_DATA IN THIS EXERCISE:_

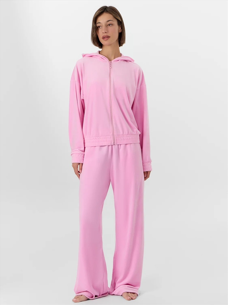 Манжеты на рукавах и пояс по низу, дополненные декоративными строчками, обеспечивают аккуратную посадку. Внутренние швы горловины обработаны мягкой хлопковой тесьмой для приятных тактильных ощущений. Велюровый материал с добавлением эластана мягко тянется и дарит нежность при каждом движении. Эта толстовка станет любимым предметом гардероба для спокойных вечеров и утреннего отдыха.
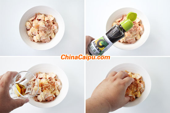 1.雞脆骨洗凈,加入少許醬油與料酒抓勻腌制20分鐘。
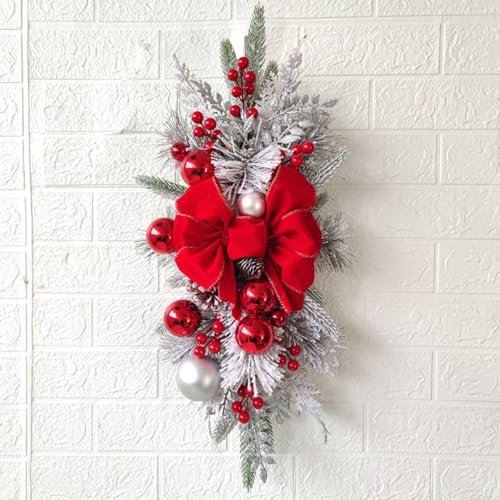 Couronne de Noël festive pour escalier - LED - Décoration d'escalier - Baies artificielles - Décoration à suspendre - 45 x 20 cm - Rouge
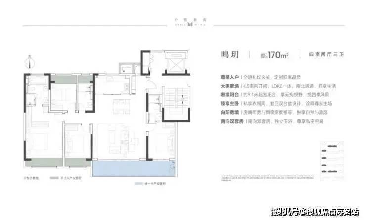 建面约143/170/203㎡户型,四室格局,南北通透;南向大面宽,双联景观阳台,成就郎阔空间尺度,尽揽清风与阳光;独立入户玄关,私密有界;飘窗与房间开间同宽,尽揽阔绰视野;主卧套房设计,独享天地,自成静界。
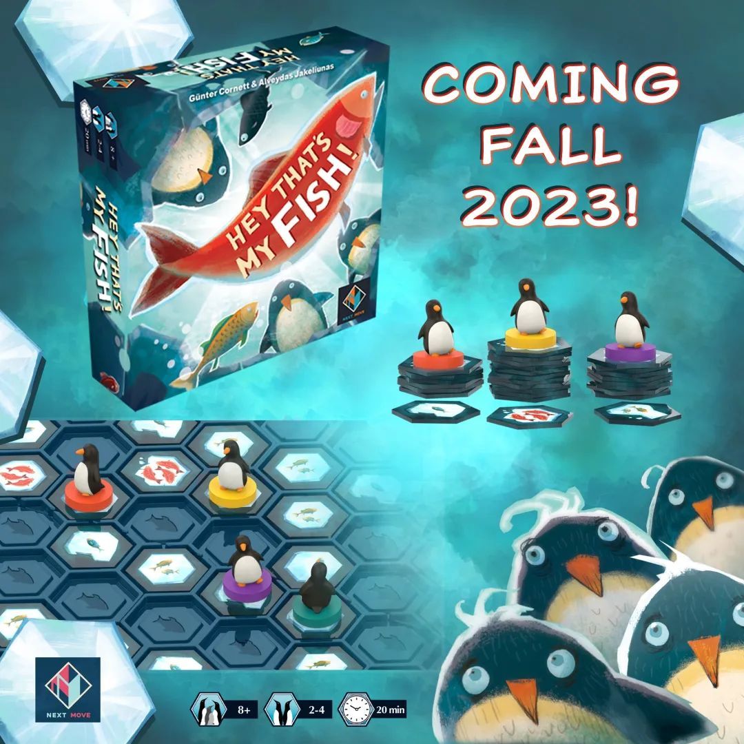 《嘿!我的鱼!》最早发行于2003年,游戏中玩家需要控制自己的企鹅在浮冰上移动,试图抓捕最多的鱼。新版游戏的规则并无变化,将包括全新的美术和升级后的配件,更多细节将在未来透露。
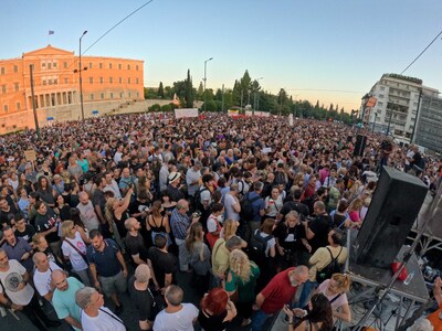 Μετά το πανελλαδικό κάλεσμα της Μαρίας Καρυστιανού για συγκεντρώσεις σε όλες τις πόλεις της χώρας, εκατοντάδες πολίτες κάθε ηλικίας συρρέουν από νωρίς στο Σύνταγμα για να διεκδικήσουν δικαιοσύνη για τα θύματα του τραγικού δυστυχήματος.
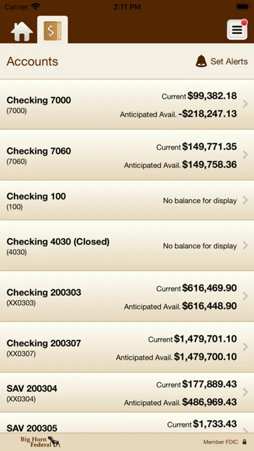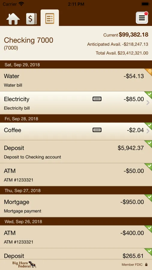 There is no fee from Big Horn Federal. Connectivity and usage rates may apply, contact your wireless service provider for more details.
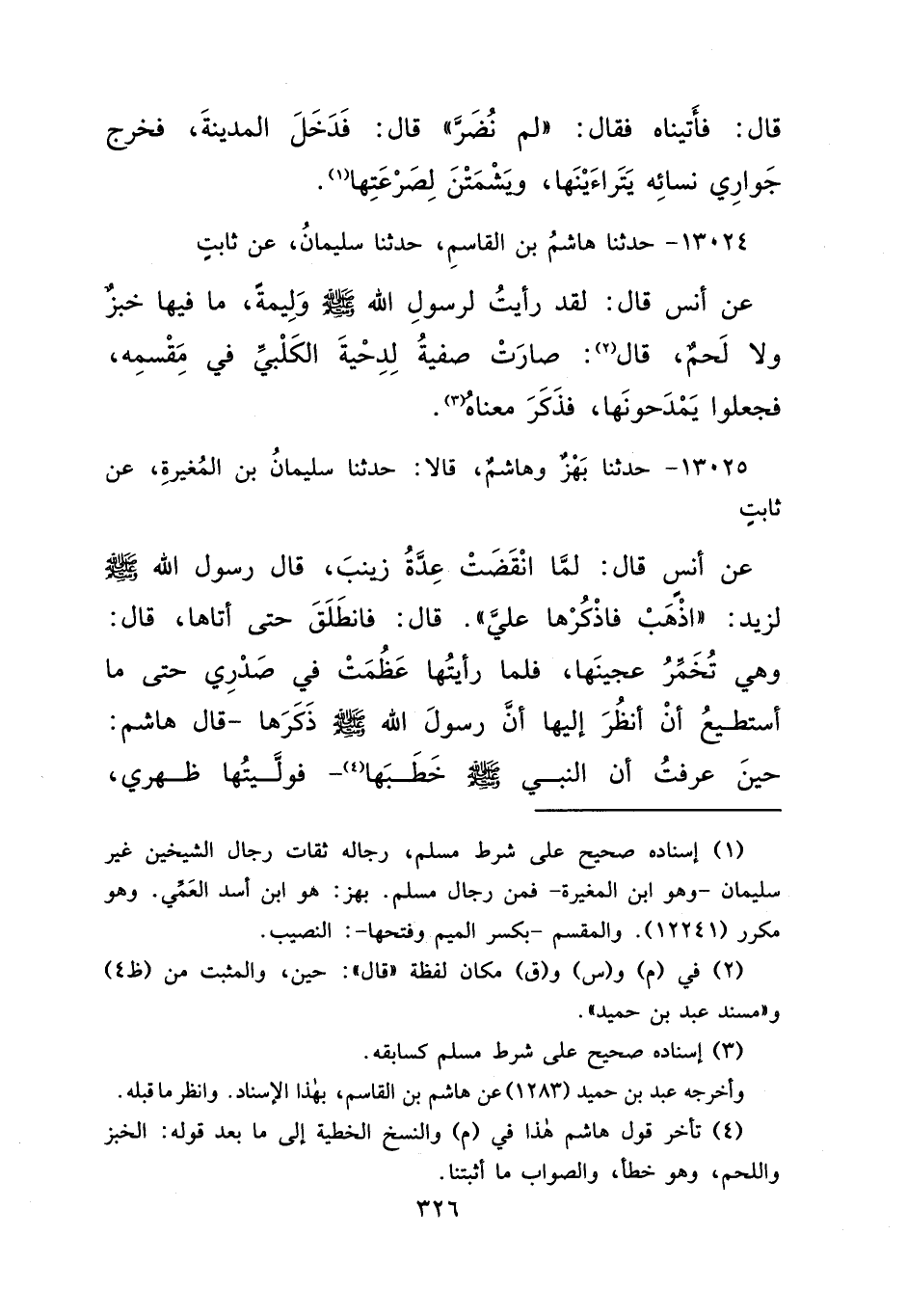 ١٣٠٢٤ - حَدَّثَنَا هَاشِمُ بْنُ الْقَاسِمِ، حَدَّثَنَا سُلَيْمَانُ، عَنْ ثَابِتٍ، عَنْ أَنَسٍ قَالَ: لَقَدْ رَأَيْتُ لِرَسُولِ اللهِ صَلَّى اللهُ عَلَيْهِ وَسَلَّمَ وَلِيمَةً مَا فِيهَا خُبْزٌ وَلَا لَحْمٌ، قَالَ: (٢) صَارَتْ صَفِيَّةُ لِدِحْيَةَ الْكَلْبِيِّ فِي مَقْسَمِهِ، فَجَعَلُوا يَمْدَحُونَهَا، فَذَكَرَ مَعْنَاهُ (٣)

...

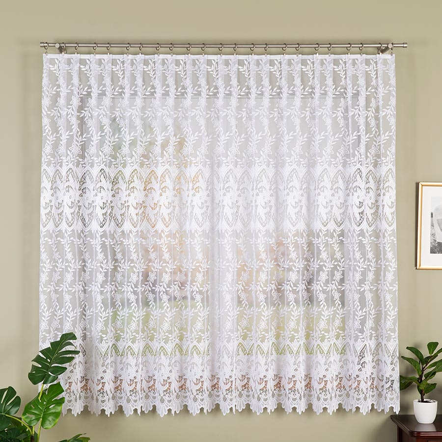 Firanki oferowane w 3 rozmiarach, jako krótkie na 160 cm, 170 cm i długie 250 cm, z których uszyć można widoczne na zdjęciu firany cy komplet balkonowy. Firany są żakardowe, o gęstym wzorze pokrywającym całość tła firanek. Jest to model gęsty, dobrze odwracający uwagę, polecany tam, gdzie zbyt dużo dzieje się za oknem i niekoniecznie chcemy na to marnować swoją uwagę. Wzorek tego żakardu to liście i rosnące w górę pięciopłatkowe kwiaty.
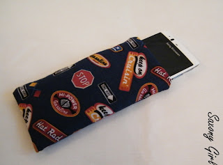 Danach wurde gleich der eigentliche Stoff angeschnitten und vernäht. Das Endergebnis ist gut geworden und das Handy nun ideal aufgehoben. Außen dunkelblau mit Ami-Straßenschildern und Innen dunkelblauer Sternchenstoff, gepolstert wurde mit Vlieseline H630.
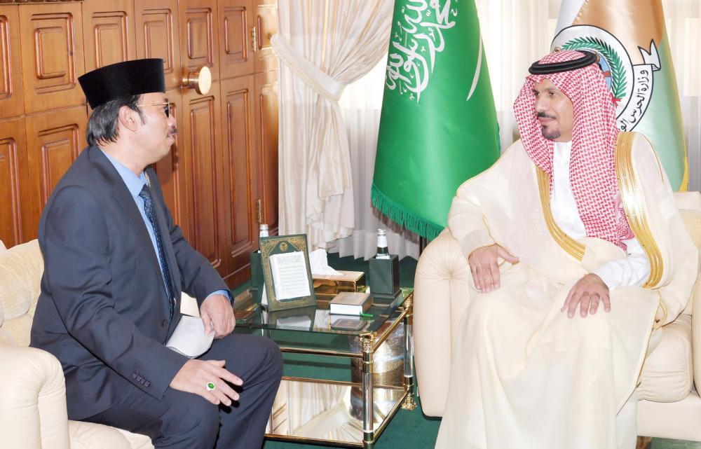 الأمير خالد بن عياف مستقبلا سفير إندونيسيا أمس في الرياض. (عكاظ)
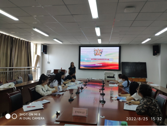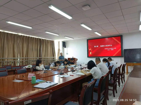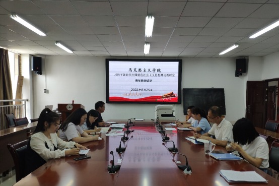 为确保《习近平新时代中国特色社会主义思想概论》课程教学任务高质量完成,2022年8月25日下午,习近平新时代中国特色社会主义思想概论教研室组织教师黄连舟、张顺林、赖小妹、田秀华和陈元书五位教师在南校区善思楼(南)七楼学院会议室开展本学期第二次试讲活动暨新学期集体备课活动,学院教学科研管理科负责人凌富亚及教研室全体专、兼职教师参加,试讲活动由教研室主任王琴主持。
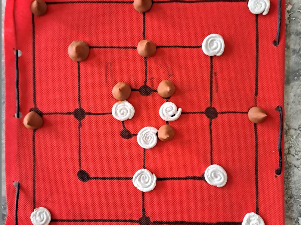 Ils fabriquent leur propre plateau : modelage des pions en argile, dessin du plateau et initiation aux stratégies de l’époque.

...

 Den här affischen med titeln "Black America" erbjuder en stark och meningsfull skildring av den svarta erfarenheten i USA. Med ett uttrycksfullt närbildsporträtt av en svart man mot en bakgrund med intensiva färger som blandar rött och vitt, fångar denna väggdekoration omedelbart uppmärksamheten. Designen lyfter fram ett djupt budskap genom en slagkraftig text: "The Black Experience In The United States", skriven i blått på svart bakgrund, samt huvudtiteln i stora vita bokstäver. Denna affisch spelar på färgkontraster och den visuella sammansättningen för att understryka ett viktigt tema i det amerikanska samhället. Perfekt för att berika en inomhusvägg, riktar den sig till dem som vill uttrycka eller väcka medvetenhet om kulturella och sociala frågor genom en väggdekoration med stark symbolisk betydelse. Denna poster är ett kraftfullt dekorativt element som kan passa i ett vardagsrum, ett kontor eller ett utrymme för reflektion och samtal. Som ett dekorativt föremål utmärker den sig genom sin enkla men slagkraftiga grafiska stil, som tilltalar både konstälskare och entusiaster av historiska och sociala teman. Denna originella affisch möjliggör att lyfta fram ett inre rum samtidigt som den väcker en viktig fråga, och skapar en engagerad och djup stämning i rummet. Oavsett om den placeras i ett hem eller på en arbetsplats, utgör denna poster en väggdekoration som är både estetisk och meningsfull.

_WHAT YOU NEED TO DO:_ Within the listing above, extract exactly the lines that run from the one containing "Манжеты на рукавах" through the one containing "There is no", excluding any pictures.

_YOUR SOLUTION:_
 Манжеты на рукавах и пояс по низу, дополненные декоративными строчками, обеспечивают аккуратную посадку. Внутренние швы горловины обработаны мягкой хлопковой тесьмой для приятных тактильных ощущений. Велюровый материал с добавлением эластана мягко тянется и дарит нежность при каждом движении. Эта толстовка станет любимым предметом гардероба для спокойных вечеров и утреннего отдыха.
 1.雞脆骨洗凈,加入少許醬油與料酒抓勻腌制20分鐘。
 Couronne de Noël festive pour escalier - LED - Décoration d'escalier - Baies artificielles - Décoration à suspendre - 45 x 20 cm - Rouge
 建面约143/170/203㎡户型,四室格局,南北通透;南向大面宽,双联景观阳台,成就郎阔空间尺度,尽揽清风与阳光;独立入户玄关,私密有界;飘窗与房间开间同宽,尽揽阔绰视野;主卧套房设计,独享天地,自成静界。
 《嘿!我的鱼!》最早发行于2003年,游戏中玩家需要控制自己的企鹅在浮冰上移动,试图抓捕最多的鱼。新版游戏的规则并无变化,将包括全新的美术和升级后的配件,更多细节将在未来透露。
 Μετά το πανελλαδικό κάλεσμα της Μαρίας Καρυστιανού για συγκεντρώσεις σε όλες τις πόλεις της χώρας, εκατοντάδες πολίτες κάθε ηλικίας συρρέουν από νωρίς στο Σύνταγμα για να διεκδικήσουν δικαιοσύνη για τα θύματα του τραγικού δυστυχήματος.
 There is no fee from Big Horn Federal. Connectivity and usage rates may apply, contact your wireless service provider for more details.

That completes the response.